Una vez adquirida la potestad acreditaría, el juego del consumo comienza de una forma conservadora. El consumidor empieza a usar la tarjeta cautamente para grandes o pequeñas compras, para algunos lujos u otras cosas de primera necesidad disfrutando del 0% que el banco le ha otorgado como bienvenida a su mundo ilusorio. Llegada la factura se da cuenta que se ha pasado de su presupuesto mensual pero la generosidad del banco le respaldará ese desliz durante unos meses. El problema viene después cuando el 0% sube fríamente como la espuma de una buena cerveza. La pequeña deuda ha escalado los Picos de Europa y ambiciona a escalar también el Everest. El banco empieza a cobrar intereses brutales (por ejemplo, “First Premier Bank llegó a cobrar un 79.9%”) pero aun insiste que no fue una idea equivocada firmar esa financiera nota necrológica. El crédulo consumidor continúa deslizando la banda magnética, pagando el mínimo exigido por el banco, y tal vez soñando que algún día el dinero le caiga del cielo. Cuando la situación se le va de las manos, “Transfer” es la palabra que viene al vocablo de la salvación. Transfiera su deuda a otra tarjeta que le proporcione un poco de oxigeno para que pueda respirar y seguir adorando la idea de “comprar sin tener”.
No importa si es Ellen Degeneres o Alec Baldwin los que predican, como bien lo hacen en sus anuncios televisivos, lo estupendo que es usar una tarjeta de crédito. Estoy segura que su sueldo astronómico les va a permitir que su “Black Card” no sólo los lleve a comprar a Saks Fith Avenue sino también a la Luna. Sin embargo, la realidad para el ciudadano de a pie es muy diferente. El negocio de las tarjetas de crédito es un monstruo vestido de ángel. Los datos no fallan, están ahí representativos para exponer que algo no funciona y que alguien muy astuto le ha lavado el cerebro a la sociedad americana.
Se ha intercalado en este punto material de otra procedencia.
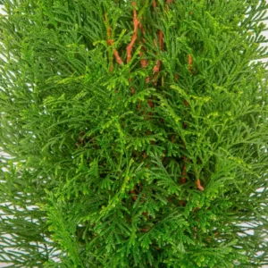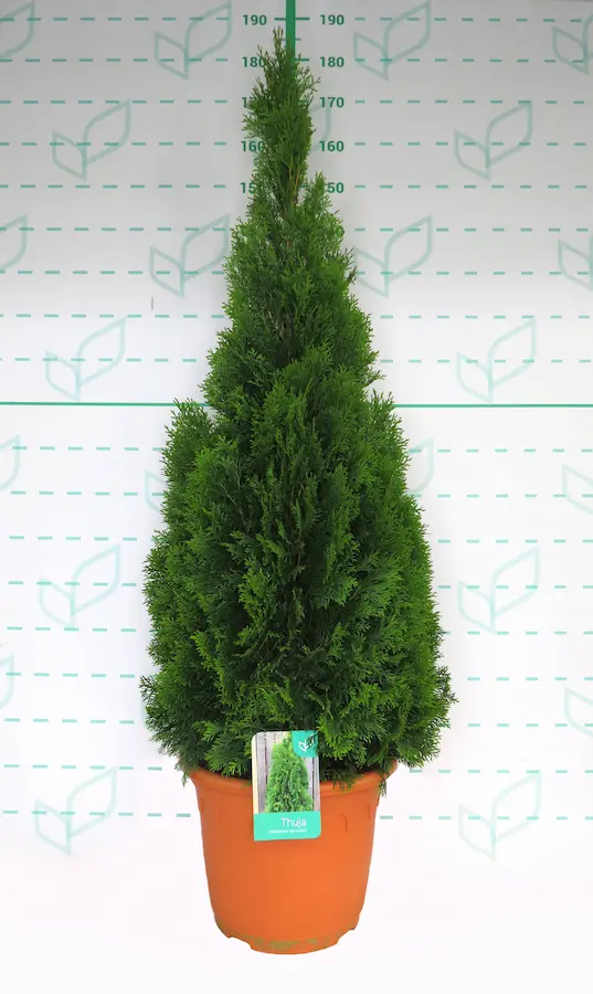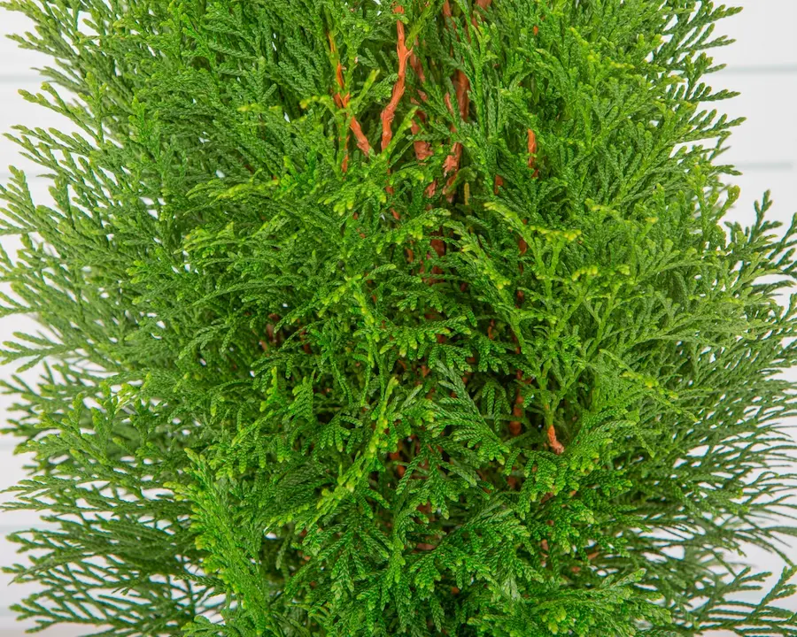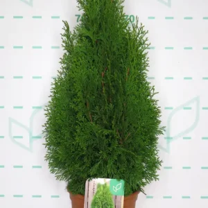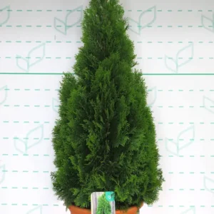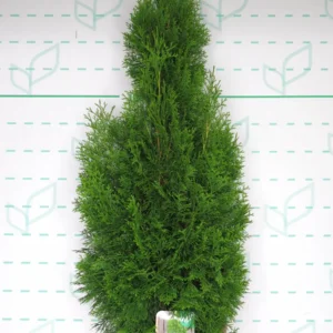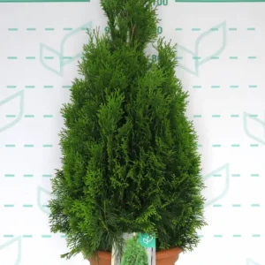A diferencia del ciprés de Leyland, su crecimiento es más moderado y controlado, pero su resultado es de una calidad visual muy superior. Su follaje, compuesto por finas ramillas aplanadas, es de un vibrante y profundo color verde esmeralda que, a diferencia de otras tuyas, mantiene su intensidad y no amarillea durante los fríos del invierno. Es la planta ideal para crear pantallas de privacidad formales, para flanquear una entrada con una simetría perfecta o como ejemplar solitario y escultural en el jardín.

- Una familia americana debe una media de $15.956 en tarjetas de crédito.
- Familias cuyos ingresos anuales oscilan los $24.000 tienen acumulados hasta $36.000 de deuda en tarjetas de crédito.
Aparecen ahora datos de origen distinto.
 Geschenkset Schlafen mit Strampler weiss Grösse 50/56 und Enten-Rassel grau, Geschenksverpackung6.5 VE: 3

- Los bancos recaudan exclusivamente con las tarjetas de crédito unos 18 billones en costes, comisiones, gastos pactados e intereses.
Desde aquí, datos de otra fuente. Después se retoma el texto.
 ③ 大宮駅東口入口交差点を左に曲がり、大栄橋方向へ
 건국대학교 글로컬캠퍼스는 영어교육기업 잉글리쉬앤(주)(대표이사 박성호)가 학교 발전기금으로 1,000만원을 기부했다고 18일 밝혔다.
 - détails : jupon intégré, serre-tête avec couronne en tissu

- El primer cuarto del 2011 indicaba que la deuda nacional de los Estados Unidos en tarjetas de crédito era de $771.7 billones.
Cuando el ciudadano ha quedado tan entrampado que ha tenido que incluso recurrir al plástico para pagar cuentas de hospital, letras del coche, e incluso alguna que otra letra de la hipoteca de la vivienda, la quiebra es la única llamada a la salvación. El gobierno de los Estados Unidos ofrece bajo la “Ley de Prevención de Abuso de Quiebra y Protección del Consumidor” un tal Capítulo 7 (Chapter 7) para la liquidación total y un Capítulo 13 (Chapter 13) para el reajuste de deudas. Su crédito quedará chafado, su reputación pisoteada pero los bancos nunca perderán la esperanza de comprarle de nuevo su alma rehabilitada. Se dice que en unos 5 o 10 años volverán sigilosamente a dejarle una carta en el buzón de su casa ofreciéndole la entrada de nuevo al paraíso de «comprar sin tener». En ese caso, yo recomendaría un letrero en su puerta que dijera:
“Aquí, se compra teniendo. Fuck off!».